Background technology
Currently in large-scale distributed storage system, purview certification, quota control are concentrated in order to realize,
The method that major part employs centralized metadata management, will entirely in storage system all data member
Information is left concentratedly to be stored in some nodes.Metadata node (alternatively referred to as first number in this framework
According to server etc.) availability be directly connected to the availability of whole system, in a variety of distributed systems
Increase the availability of Metadata Service all by way of redundancy.
The mode of redundancy can introduce necessary use state synchronous protocol between multiple nodes, node, it is ensured that in office
When the decision that time is made all is correct and undeniable.In a distributed system, if each section
The original state of point is consistent, and each node is carried out identical command sequence, then they can finally obtain
One consistent state.To ensure that each node performs identical command sequence, it is necessary in each instruction
It is upper to perform one " consistency algorithm " to ensure that the instruction that each node is seen is consistent.
Paxos agreements are acknowledged as one of most widely used agreement in state synchronized agreement, and it is solved
The problem of be how a distributed system reaches an agreement with regard to some value (resolution).Paxos agreements are being repaiied
When changing operation, all modifications state monotonic increase can be numbered, and decision-making is carried out on multiple nodes, such as
Really most of nodes are all agreed to receive this decision-making, then change and be persisted to multiple nodes respectively.So
Protocol Design can ensure that resolution all most of nodes are agreed to make every time, it is ensured that resolution is just
True property, whereas if a small number of nodes can make a resolution, can cause to produce two in same protocol number
Resolution, appears to be mistake resolution from user perspective or resolves inconsistent.Resolution number and resolution every time simultaneously
Persistence itself ensure that an error has occurred recover when, as long as the data of most of nodes are not appointed
What is lost, then what the resolution made in the past was still retained, and any resolution afterwards can be based on one
Individual correct resolution basis proceeds, and ensures that the consistent of data is resolved correctly at any time.

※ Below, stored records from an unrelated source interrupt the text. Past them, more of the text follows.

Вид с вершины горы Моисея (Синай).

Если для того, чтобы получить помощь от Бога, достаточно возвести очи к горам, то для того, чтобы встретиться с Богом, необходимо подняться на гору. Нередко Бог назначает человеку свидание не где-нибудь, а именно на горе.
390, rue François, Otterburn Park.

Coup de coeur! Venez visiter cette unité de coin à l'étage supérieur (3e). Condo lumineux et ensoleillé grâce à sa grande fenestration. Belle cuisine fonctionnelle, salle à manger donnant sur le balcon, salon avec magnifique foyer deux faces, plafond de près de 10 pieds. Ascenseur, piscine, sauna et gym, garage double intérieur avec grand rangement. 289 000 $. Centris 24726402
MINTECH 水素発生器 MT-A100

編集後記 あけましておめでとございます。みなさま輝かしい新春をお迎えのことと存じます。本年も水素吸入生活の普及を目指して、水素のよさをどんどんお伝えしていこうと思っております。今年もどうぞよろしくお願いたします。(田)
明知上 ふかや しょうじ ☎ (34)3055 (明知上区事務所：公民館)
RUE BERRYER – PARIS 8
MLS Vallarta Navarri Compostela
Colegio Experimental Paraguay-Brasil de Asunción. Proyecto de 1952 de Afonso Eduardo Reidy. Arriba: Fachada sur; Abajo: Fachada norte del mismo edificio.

In by the use of multiple metadata nodes as the distributed memory system of backup, if having used Paxos
Agreement is as election and the theoretical foundation of Log backup, in the case of remaining a small number of metadata nodes just not
Normal Metadata Service can be provided.It is hard due to the machine where metadata node in production system
Part configuration is substantially coincident, for example, all employ the solid state hard disc (SSD of same manufacturer:Solid State
Drives), erasing and writing life is more or less the same, and causes many machines while the probability gone wrong can increase.Once
More than half machines occurs in that disk reading mode, can cause service stopping.Delayed there are most metadata nodes
When machine, if host node still also can use, the service for reading metadata can be externally provided, but repair
The operation of metadata can not all succeed.

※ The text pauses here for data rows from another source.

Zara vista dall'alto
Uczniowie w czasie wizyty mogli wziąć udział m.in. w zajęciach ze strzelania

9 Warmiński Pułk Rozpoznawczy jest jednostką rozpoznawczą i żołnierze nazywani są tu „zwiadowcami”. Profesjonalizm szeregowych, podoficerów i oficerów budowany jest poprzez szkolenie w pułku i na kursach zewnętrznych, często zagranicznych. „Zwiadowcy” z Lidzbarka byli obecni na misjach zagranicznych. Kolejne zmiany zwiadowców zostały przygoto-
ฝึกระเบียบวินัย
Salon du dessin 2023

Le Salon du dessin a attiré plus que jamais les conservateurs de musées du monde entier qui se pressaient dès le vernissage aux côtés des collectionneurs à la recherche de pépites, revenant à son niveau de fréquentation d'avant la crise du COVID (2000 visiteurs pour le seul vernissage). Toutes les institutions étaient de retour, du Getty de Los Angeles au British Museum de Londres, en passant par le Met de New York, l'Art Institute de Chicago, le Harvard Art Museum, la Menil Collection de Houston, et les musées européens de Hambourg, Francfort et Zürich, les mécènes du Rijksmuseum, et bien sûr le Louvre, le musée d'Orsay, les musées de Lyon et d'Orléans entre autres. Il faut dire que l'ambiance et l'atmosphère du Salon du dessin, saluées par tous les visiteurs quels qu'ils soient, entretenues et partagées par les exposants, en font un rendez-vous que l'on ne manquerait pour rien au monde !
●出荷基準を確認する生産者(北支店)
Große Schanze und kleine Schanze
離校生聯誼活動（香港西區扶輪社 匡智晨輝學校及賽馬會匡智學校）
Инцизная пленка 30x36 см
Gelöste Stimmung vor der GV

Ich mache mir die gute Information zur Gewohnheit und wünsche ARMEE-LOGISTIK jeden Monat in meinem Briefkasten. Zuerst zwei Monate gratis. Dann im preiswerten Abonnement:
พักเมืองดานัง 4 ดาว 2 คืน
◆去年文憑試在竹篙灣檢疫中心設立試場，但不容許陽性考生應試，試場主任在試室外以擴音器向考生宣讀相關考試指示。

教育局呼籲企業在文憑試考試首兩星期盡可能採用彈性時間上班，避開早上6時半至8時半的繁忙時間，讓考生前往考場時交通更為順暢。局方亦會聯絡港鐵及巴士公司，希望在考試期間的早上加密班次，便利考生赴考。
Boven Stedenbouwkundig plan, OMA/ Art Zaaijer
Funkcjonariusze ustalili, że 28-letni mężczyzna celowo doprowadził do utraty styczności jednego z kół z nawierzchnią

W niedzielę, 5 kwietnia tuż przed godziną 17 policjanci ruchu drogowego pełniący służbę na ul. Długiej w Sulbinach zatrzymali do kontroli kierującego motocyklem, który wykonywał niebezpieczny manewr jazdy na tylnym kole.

When a kind of simplified way of Paxos agreements is used in distributed memory system, multiple metadata sections
Point is conducted an election by Paxos agreements, is produced host node (Primary) and is provided Metadata Service;Other
Node is as from node (Slave), and the daily record for only receiving host node is synchronous.The daily record meeting that host node is produced
Issue all from node, if agreed to from node and to receive daily record synchronous, host node can receive from
The feedback that node is agreed to, in the synchronously success (including host node) of most nodes, host node is to sending clothes
The client (Client) of business request is returned successfully, and the otherwise request of client will be suspended, client meeting
Time exceeded message is received, service stopping is now shown as.That is, providing first number using Paxos agreements
During according to service redundant ability, if most of metadata nodes stop service, whole service can be caused to stop
Only, even if wherein also there is normal node.In addition, if when at least half of joint behavior is deteriorated, it is whole
The performance of individual service can also be deteriorated therewith.Because being returned when daily record is synchronous after most of nodes and agreeing to that ability is complete
Into the operation of client, so operating characteristics depends on the performance of most slow node in most of nodes.

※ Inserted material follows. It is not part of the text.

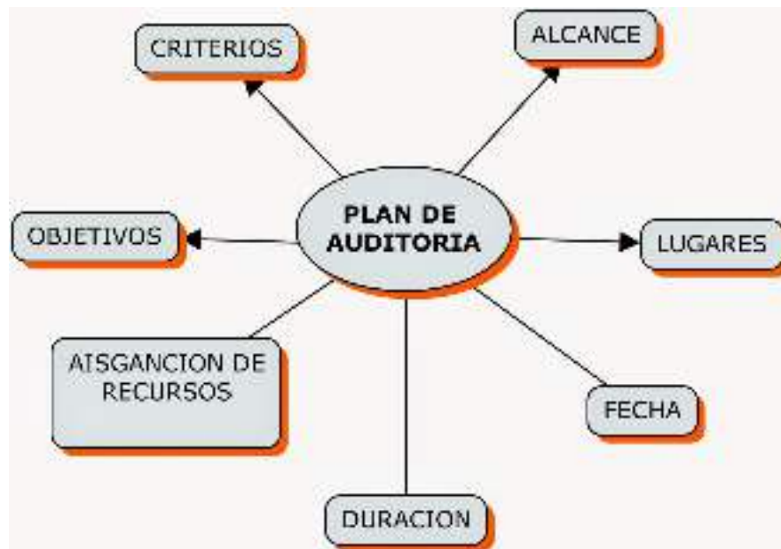
Figura 4: Esquema general de la realización de auditorías.

Adicionalmente, los proyectos que realizan las empresas del Grupo Empresarial, están sujetas a auditorías por parte de Interventores, quienes de manera independiente auditan el cumplimiento de los requisitos legales, normas y otros. En la figura 4, se presenta el esquema generalizado para el desarrollo de las auditorías al Sistema de Gestión Integrado, SGI.
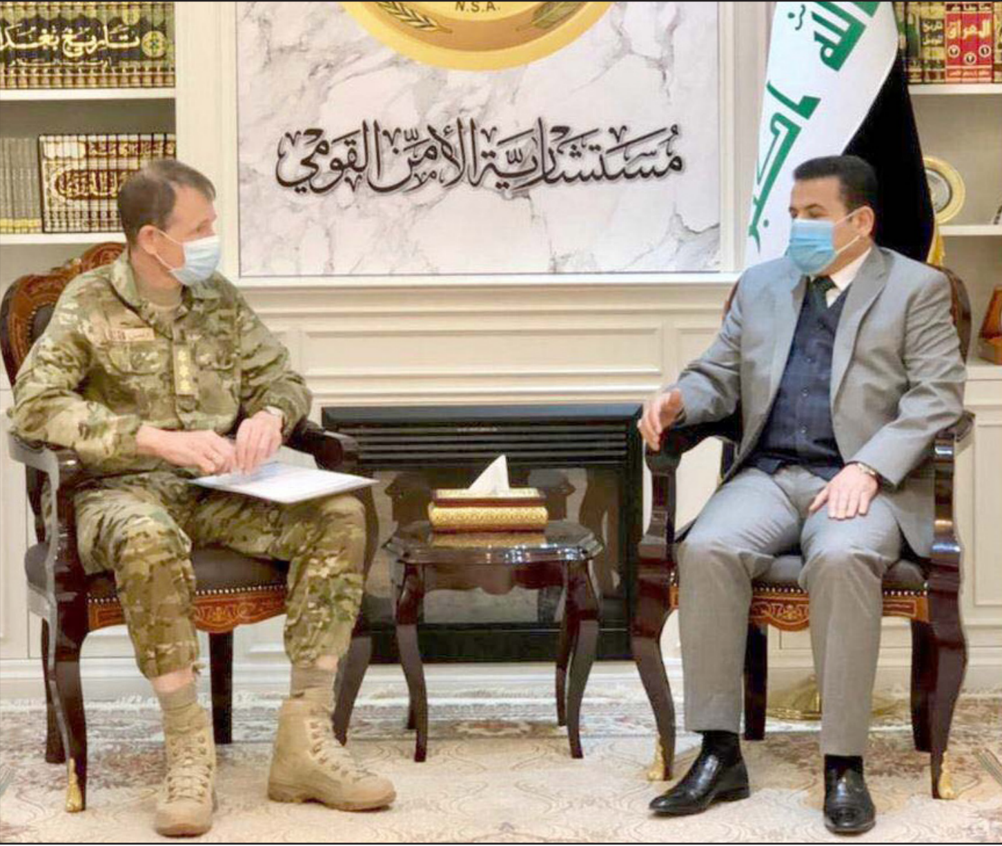
مستشار الأمن القومي العراقي قاسم الأعرجي مستقبلاً قائد بعثة الناتو ببيير أولسن

من مجلس النواب والقوى السياسية والشعب العراقي لخروجها من العراق، بالتالي فهي سعت من خلال مشروع زج حلف الناتو للتدخل بالشأن العراقي ولكن بصيغة أخرى».

There is also similar situation for the node cluster of other running status synchronous protocols.
The content of the invention
In view of this, the invention provides following scheme.
A kind of method for recovering service, applied to operation management system, including:
The state change of the node cluster interior joint of running status synchronous protocol is detected, normal node is determined
Number NN, NN are integer;
If NN becomes smaller than S0 from more than or equal to S0, emergent management is carried out to recover normal service,
Wherein, when the normal node includes host node, the emergent management includes:By configuration center and
The value for the parameter S that the normal node is preserved is revised as the positive integer value less than or equal to NN;
Wherein, parameter S represents that the node cluster provides the synchronous successful node required by normal service
Minimum number, S0 is the parameter S determined according to the state synchronized agreement value.
A kind of operation management system, including state detection module, control module and emergent management module, its
In:
The state detection module, the shape of the node cluster interior joint for detecting running status synchronous protocol
State changes, and determines the number NN of normal node and notifies the control module, NN is integer;
The control module, for after S0 is become smaller than more than or equal to S0, calling urgent place in NN
Manage module and carry out emergent management, to recover normal service;
The emergent management module, it is following tight for when the normal node includes host node, performing
Anxious processing:The value for the parameter S that configuration center and the normal node are preserved is revised as being less than or waited
In NN positive integer value;
Wherein, parameter S represents that the node cluster provides the synchronous successful node required by normal service
Minimum number, S0 is the parameter S determined according to the state synchronized agreement value.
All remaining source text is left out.